Changes to this document should happen before or alongside code changes when the implementation needs to deviate from the design.

Goals

Run a lightweight Borg UI agent on Linux, macOS, and eventually Windows
Keep the central Borg UI instance as the control plane
Let agents connect outbound to Borg UI so users do not need inbound firewall rules on client machines
Support users who want Borg backup management without a local web UI
Reuse Borg UI's existing jobs, progress, repository, schedule, auth, notification, and activity concepts where practical
Preserve Borg's local execution model: the machine that owns the data should run Borg against the configured repository

Non-Goals

The agent is not a second Borg UI server
The agent does not embed the frontend
The agent does not own the central database
The agent does not require Docker
The first release does not need inbound server-to-agent calls
The first release does not need a full restore UI for every platform
The first release does not replace SSH remote machines

Product Model

Borg UI should expose a unified Machines area.

Machine connection types:

Type	Meaning
`ssh`	Borg UI connects to the machine over SSH using the existing system SSH key model
`agent`	A lightweight agent connects outbound to Borg UI and executes jobs locally

The current Remote Machines feature remains useful. Agent machines should be added beside it, not forced into the existing ssh_connections table as a compatibility hack.

Architecture

The architecture has two parts:

Borg UI server: control plane, API, UI, database, scheduler, job history, notifications, and repository metadata
Borg UI Agent: small CLI/daemon installed on managed machines

The MVP transport is HTTPS polling:

The agent registers or is provisioned with an enrollment token.
The agent stores a long-lived agent credential locally.
The agent sends heartbeats with system and Borg capabilities.
The agent polls Borg UI for pending work.
The agent claims a job, executes Borg locally, streams progress/log events, and reports the final result.
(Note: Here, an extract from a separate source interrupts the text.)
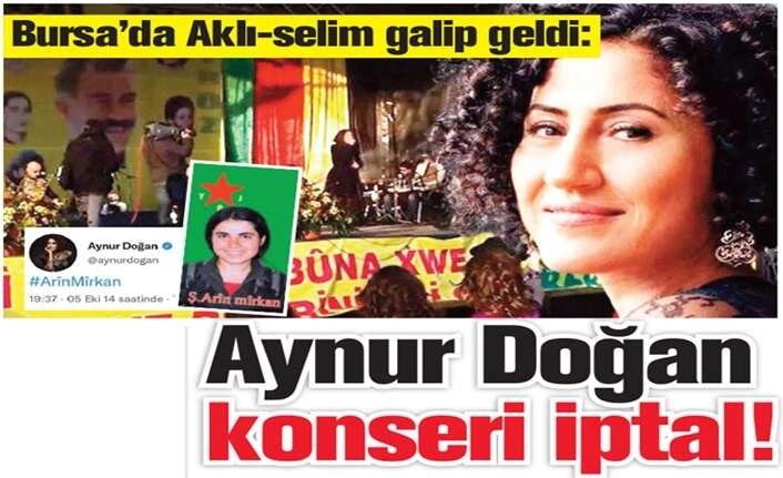 Geçtiğimiz haftalarda Kocaeli'nin Derince ilçesinde vereceği konser AK Partili belediye tarafından iptal edilince özellikle sol basın ve CHP’nin sahip çıktığı PKK sempatizanı Aynur Doğan’ın Bursa’da vereceği konser, Büyükşehir Belediye Başkanı Alinur Aktaş’ın müdahalesi ile iptal edildi. Mülkiyeti Büyükşehir Belediyesi’ne ait olan ve Bursa Kültür Sanat Turizm Vakfı tarafından işletilen Kültürpark Açıkhava Tiyatrosu’ndaki konser için BKSTV yazı gönderen Aktaş, konserin iptal edildiğini bildirdi. Gergedan Yapım adındaki şirketin organize ettiği ve BKSTV tarafından yapılan kiralama iptal edilirken, firmanın halen bilet satıyor olması da oldukça ilginç karşılandı.

Polling is intentionally chosen for the MVP because it works behind NAT, consumer routers, corporate firewalls, and mobile machines without opening ports.

Future transports such as WebSocket, MQTT, or server-sent events can be added without changing the core job model.

Reuse From Current Borg UI

The implementation should reuse:

existing authenticated API patterns
existing role and permission checks
existing job statuses and activity semantics
existing backup progress contract fields
existing Borg 1 and Borg 2 command-building knowledge
existing repository metadata concepts
existing log retention and display patterns
existing notification hooks for job completion
existing schedule concepts

The implementation should not ship the full Borg UI application inside the agent.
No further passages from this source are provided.